La COVID-19 nos ha hecho meditar en que todas las enfermedades implican un peligro real de muerte, pero, nada más horroroso, frustrante y duro para el corazón, que una enfermedad donde no podamos ver a nuestros seres queridos y mucho menos despedirnos de ellos.

Desde los primeros instantes estamos separados de quienes amamos: padres, hijos, familia en general, y quizás sin el consuelo de que nos vuelvan a tomar la mano, dar un abrazo y decir adiós.

Por eso esta enfermedad es la más cruel de todas, la que nos deja desarmados, sí, con certeza rodeados de aquellos esforzados médicos que dan su mejor aporte cada día; pero sin nuestros cariños reales.

Por eso hay que cuidarse mucho, en cada momento, cumplir con todo; que el hacer una compra, que se sabe necesaria, pero, pensemos, no tan imprescindible, no logre arrebatarnos la vida con un virus que además de poder quitarte el oxígeno, provoca ese temor exacerbado, debido al vacío terrible del alma.

Foto: Escambray

Solo recapacitemos bien en esa soledad de quien va a morir sin ver una última vez a sus seres amados.
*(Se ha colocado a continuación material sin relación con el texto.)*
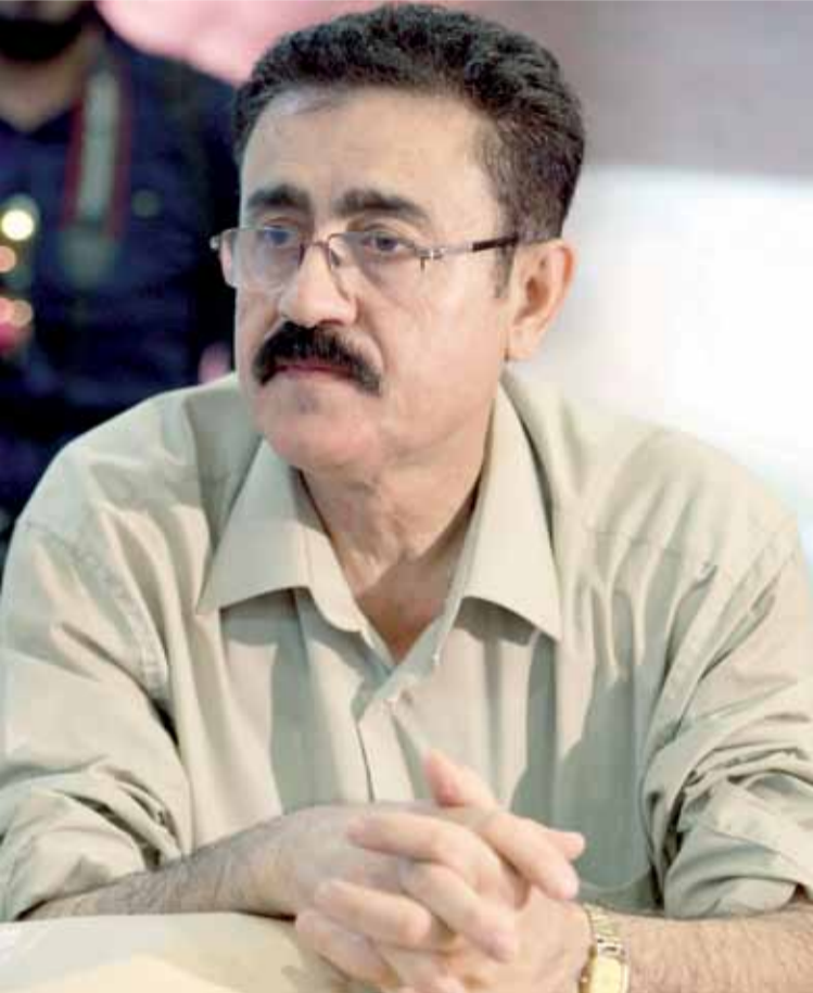
أمين السر الناطق الرسمي خضر صوان

Porque están los negligentes, quienes piensan que no es nada y la consideran como una gripe; o aquellos que displicentemente van por las calles con el nasobuco de corbata o mal colocado, o pretenden prescindir de él y se tiran, literalmente, sobre otros en la desesperación de una cola en alguna tienda, posiblemente para lucrar con ello. Todos ellos deben aprender bien que este virus no tiene rostro, y que de nada vale el dinero cuando en ello está implicada la vida, el contagio a familiares y amigos y tal vez, la triste muerte de cualquiera de ellos.

Hay que ser receptivos y disciplinados. Y jamás pensar “a mí no me va a tocar”, porque sencillamente, sí que puede tocarles y, de pronto encontrarse aislados, alejados de cuanto conocen, y sin poder estrechar esa mano anhelada o ese abrazo preciso. 

La vida es la mayor riqueza que poseemos, hagamos que valga.